What you can do before renewal
Several practical steps can help Newfoundland and Labrador small businesses achieve smoother renewals and avoid unexpected issues:
- Document your mitigation efforts. Photos and invoices for roof upgrades, drainage improvements, generator installations, fire breaks, and alarm monitoring provide valuable evidence.
- Review your water management plan. Consider where inventory is stored, procedures for sump failure, and who is responsible for after-hours checks.
- Update your values. Inflation in materials and labour can leave limits short. Undervaluation can create big co-insurance headaches at claim time.
- Identify your critical dependencies, such as a single supplier, a server room, an access road, or a power source. Treat any single point of failure with appropriate risk management.
- Ask about potential coverage gaps. Do not assume all water-related events are covered or that flood is included. Policy definitions are important.
Why this matters for Newfoundland and Labrador small businesses specifically
Newfoundland and Labrador faces a combination of coastal geography, aging infrastructure in some regions, and many small businesses operating from older or mixed-use buildings. Increased frequency of extreme events further alters the risk profile.

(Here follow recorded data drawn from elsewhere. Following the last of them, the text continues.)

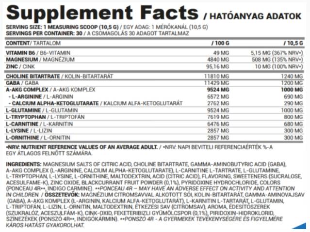 Einerseits enthält das Produkt eine große Menge der Aminosäure GABA und die Aminosäure L-Tryptophan , ein Vorläufer von Melatonin , das Schlafhormon, in unserem Körper. Von den Aminosäuren enthält es auch L-Glutamin Und L-Carnitin und wird durch zwei Wirkstoffkombinationen ergänzt, die Kombination aus L-Lysin , L-Ornithin Und Cholin und die klassischen Spurenelemente Zink , Magnesium Und B6 .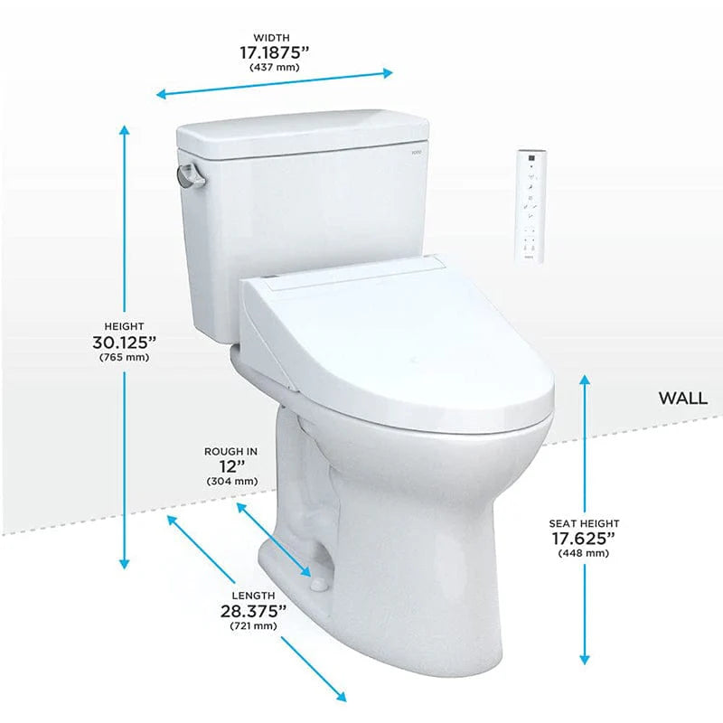 TOTO MW7763084CEFG#01 Drake Washlet+ Two-Piece 1.28 GPF Universal Height Toilet with C5 Bidet Seat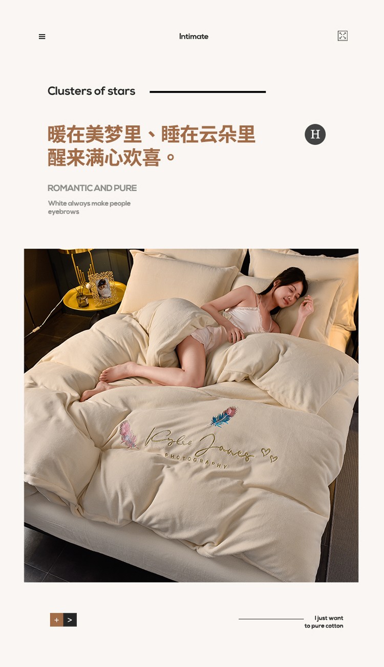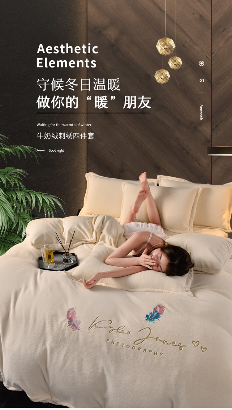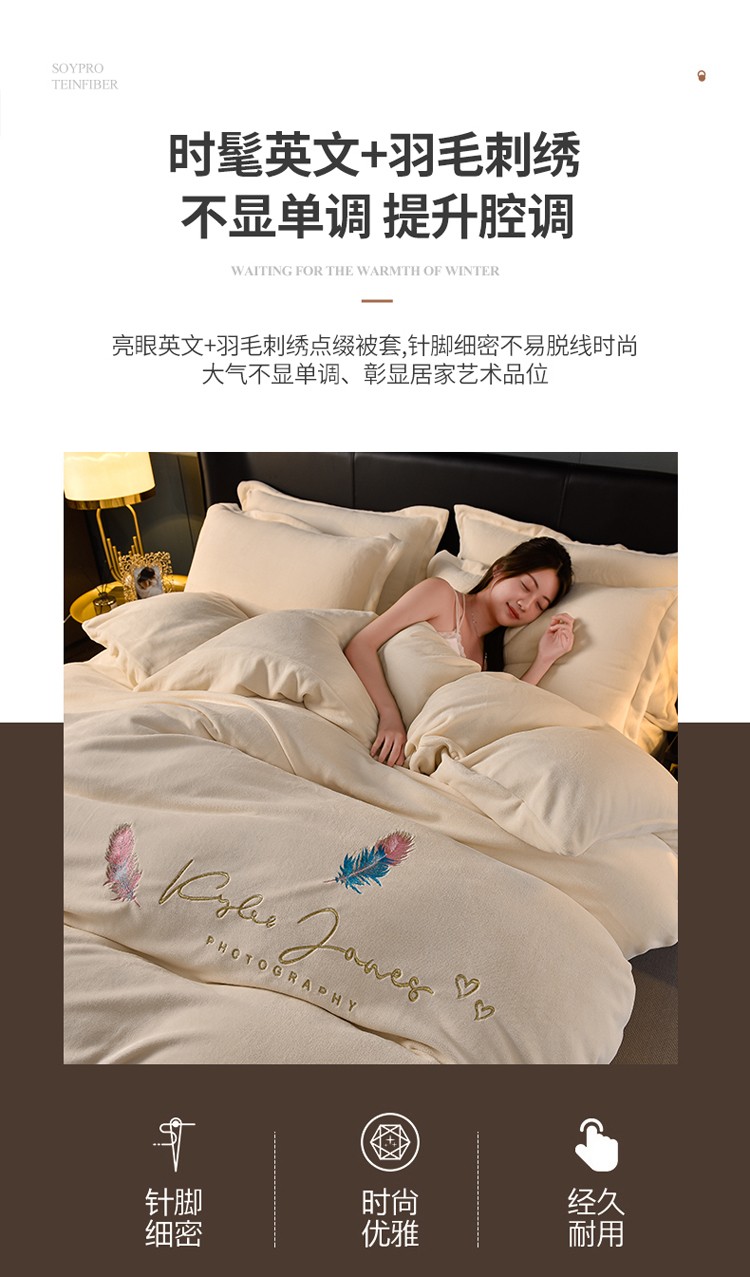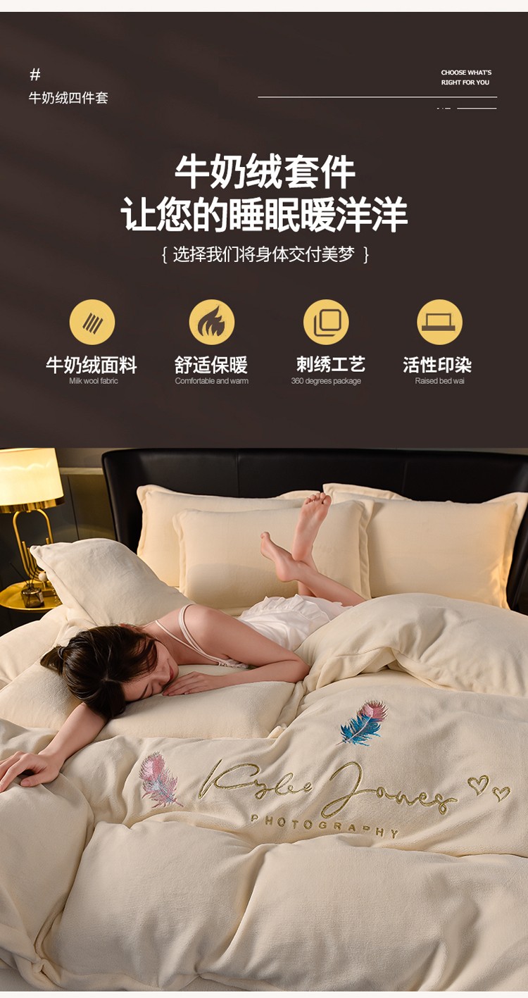 当前位置: 91家纺网 > 商品网购 > 床品套件 > 四件套 > 牛奶绒四件套 > 简爱 2025新款高克重简单款牛奶绒刺绣四件套 羽毛-米黄

The good news is that the province is actively focused on understanding climate impacts and adaptation, including acknowledging increased flooding and wildfire risks in its planning.
Environment and Climate Change Canada has also expanded coastal flooding prediction and alerting capabilities, which help businesses in Newfoundland and Labrador prepare earlier when coastal flooding is a threat.
Final Thoughts
Rising weather risk is reshaping insurance in Newfoundland and Labrador in tangible ways: higher premiums and deductibles, tighter water-related terms, and greater emphasis on preparedness.
The smartest move is to treat renewal like a project. Document your risk improvements, confirm your limits are accurate, and ensure business interruption and water coverages align with how you operate in NL.